• _Task goal_:
Set down, exactly as written, the lines from the top of the data to the line that holds "سلسلة تغريدات من", and omit the pictures.

Source data:
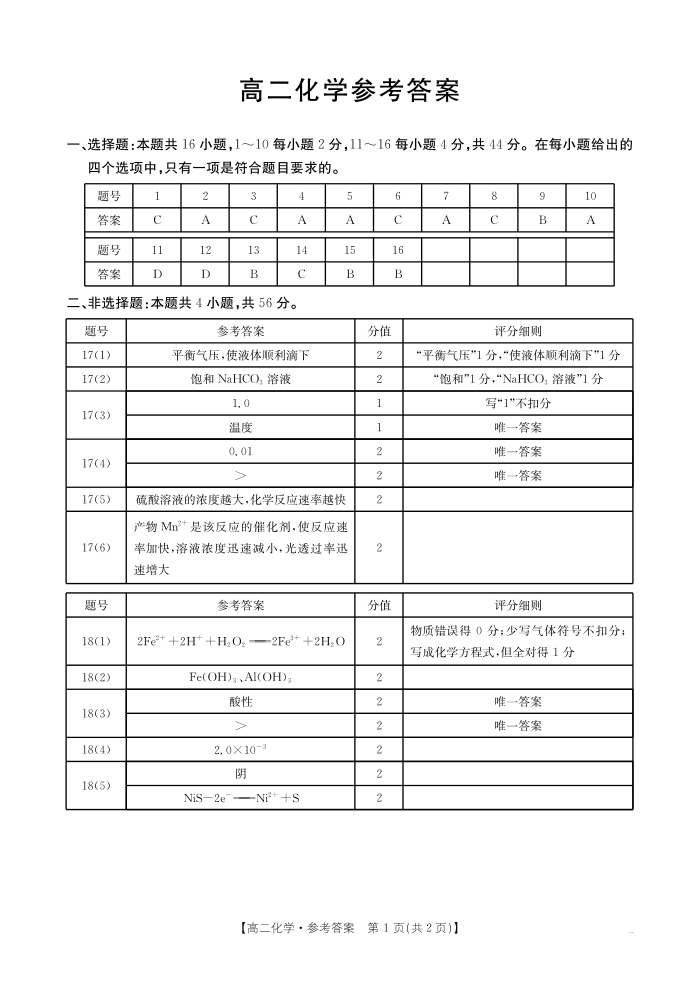 广东省2025-2026学年高二上学期H7联盟考 化学答案.pdf
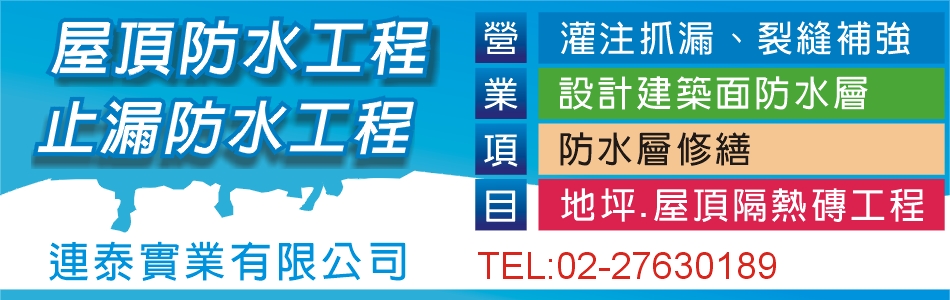 舉凡:灌注抓漏、裂縫補強、設計建築面防水層、防水層修繕、地坪及屋頂隔熱磚工程,各種疑難雜症的漏水,本公司均可以抓漏!
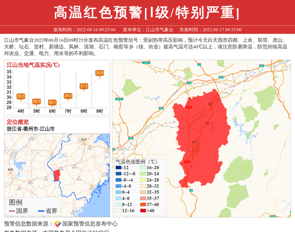 江山市气象台发布高温红色预警[Ⅰ级/特别严重] 相关文章
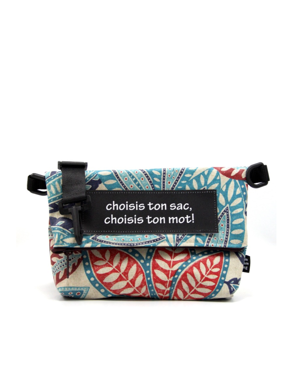 Un velcro cousu sur le devant du sac, pour y coller un mot de votre choix ( à compter en plus dans le prix).
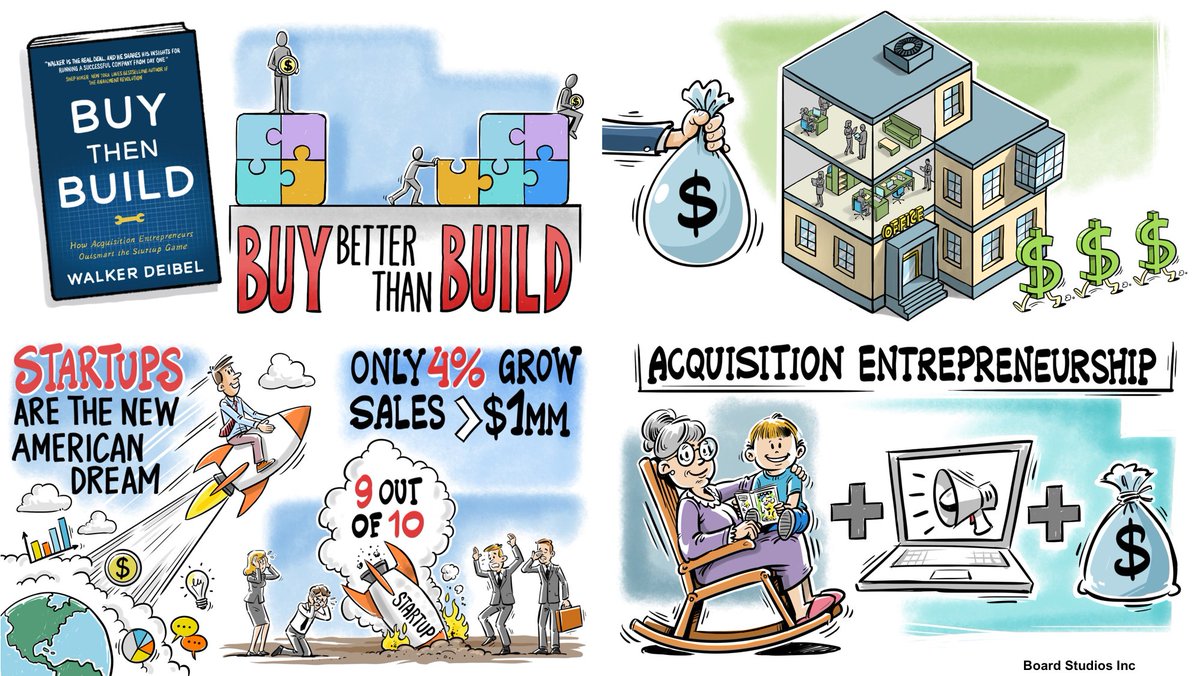 سلسلة تغريدات من كتاب Buy Then Build للمؤلف Walker Deibel.
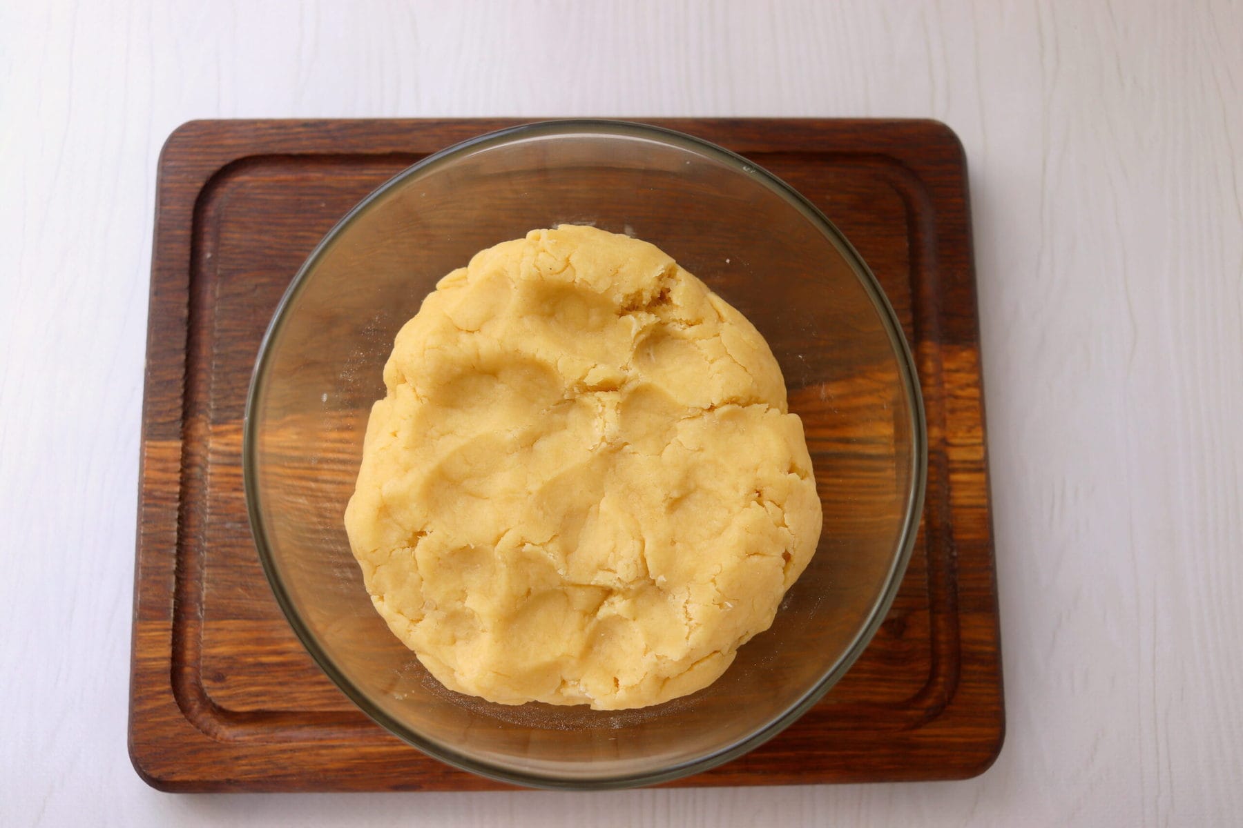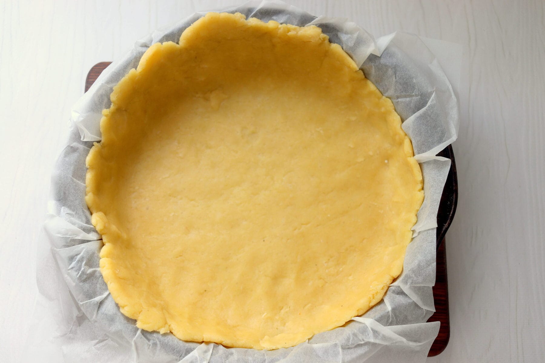Roll out the first part of the cooled dough over a baking dish, and then put the second sheet into a greased pie baking dish. Prick the bottom with a fork, and trim off the excess dough at the edges with a knife. Put it in the refrigerator for 30 minutes more to chill again.
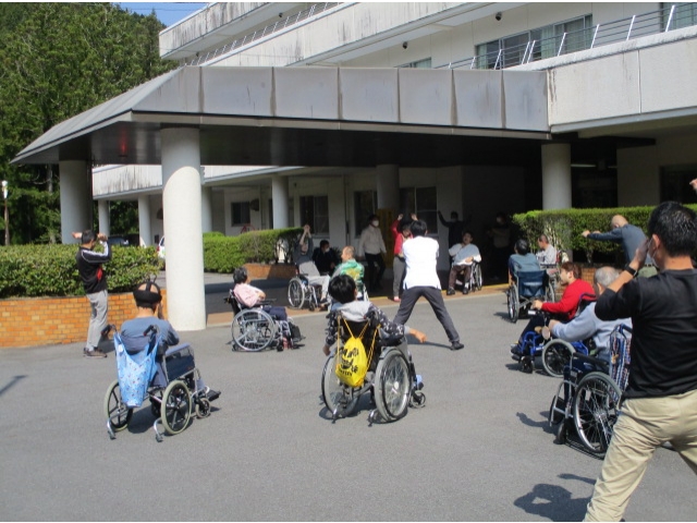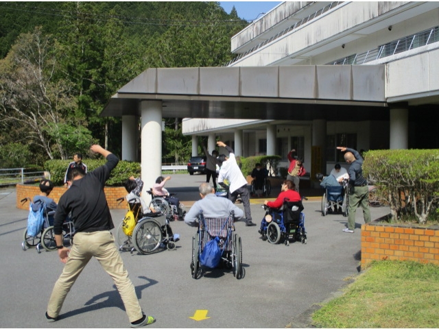 すぎのきの里の日課は、ラジオ体操から始まります。 体力の向上、健康維持、年齢を問わず誰にでも気軽にできる体操なので、職員も参加して凝り固まった体をほぐし、仕事に臨んでいます。 最近は天気もいいので、外に出てやることが多いです。※感染症対策には十分注意して行っております。
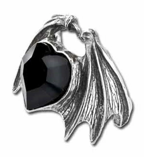 Bold symbol of doom and emotional dearth, set with large black Austrian crystal heart.
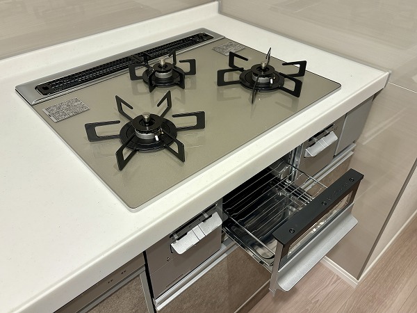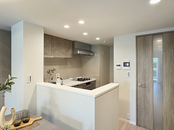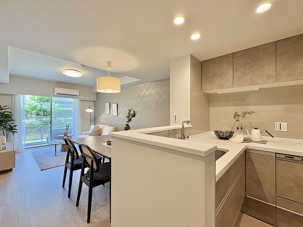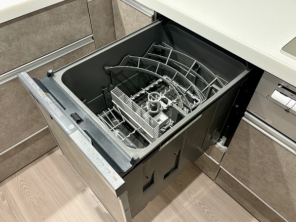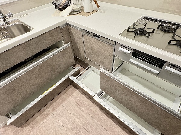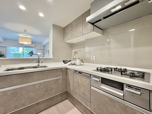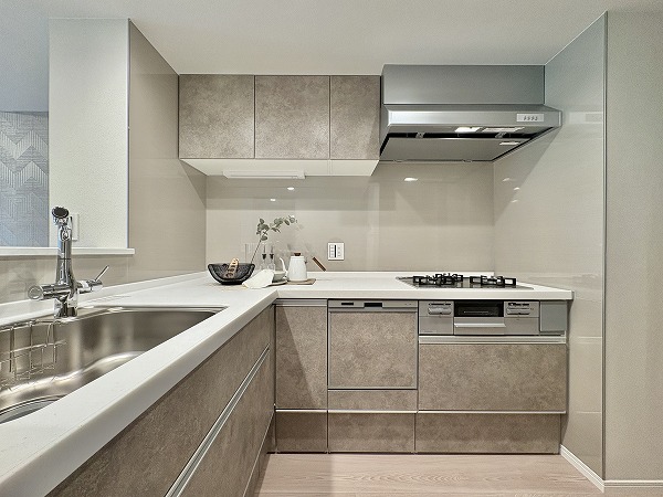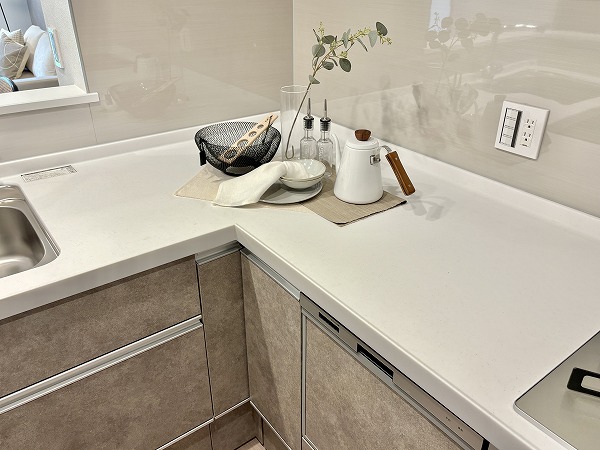 リビングと繋がる対面式のL型キッチンは、家事動線に優れた使いやすい設計。広々としたワークトップで調理スペースも十分に確保され、複数の料理を同時に進められます。さらに、食洗器付きで後片付けもスムーズ♩
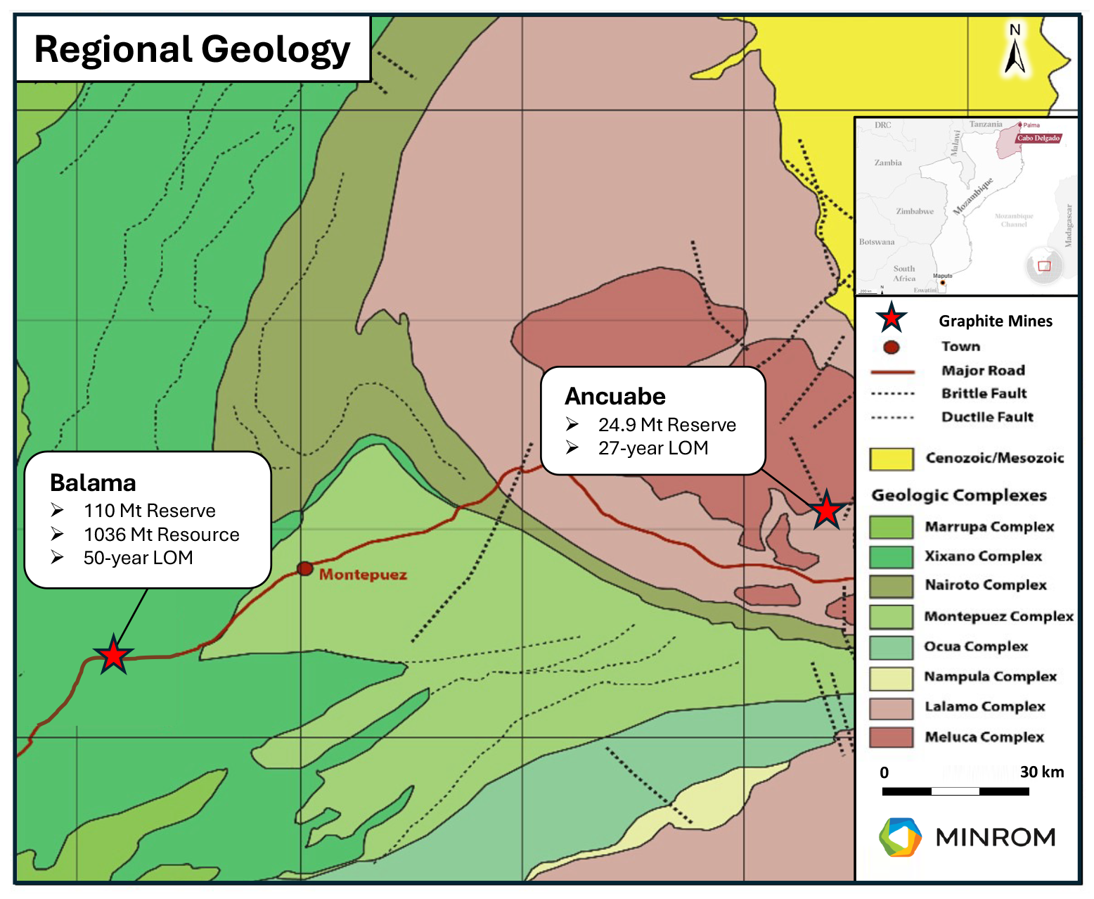 Regional geology of north-eastern Mozambique with locations of Balama and Ancuabe graphite mines indicated.

• _Task solution_:
 广东省2025-2026学年高二上学期H7联盟考 化学答案.pdf
 舉凡:灌注抓漏、裂縫補強、設計建築面防水層、防水層修繕、地坪及屋頂隔熱磚工程,各種疑難雜症的漏水,本公司均可以抓漏!
 江山市气象台发布高温红色预警[Ⅰ级/特别严重] 相关文章
 Un velcro cousu sur le devant du sac, pour y coller un mot de votre choix ( à compter en plus dans le prix).
 سلسلة تغريدات من كتاب Buy Then Build للمؤلف Walker Deibel.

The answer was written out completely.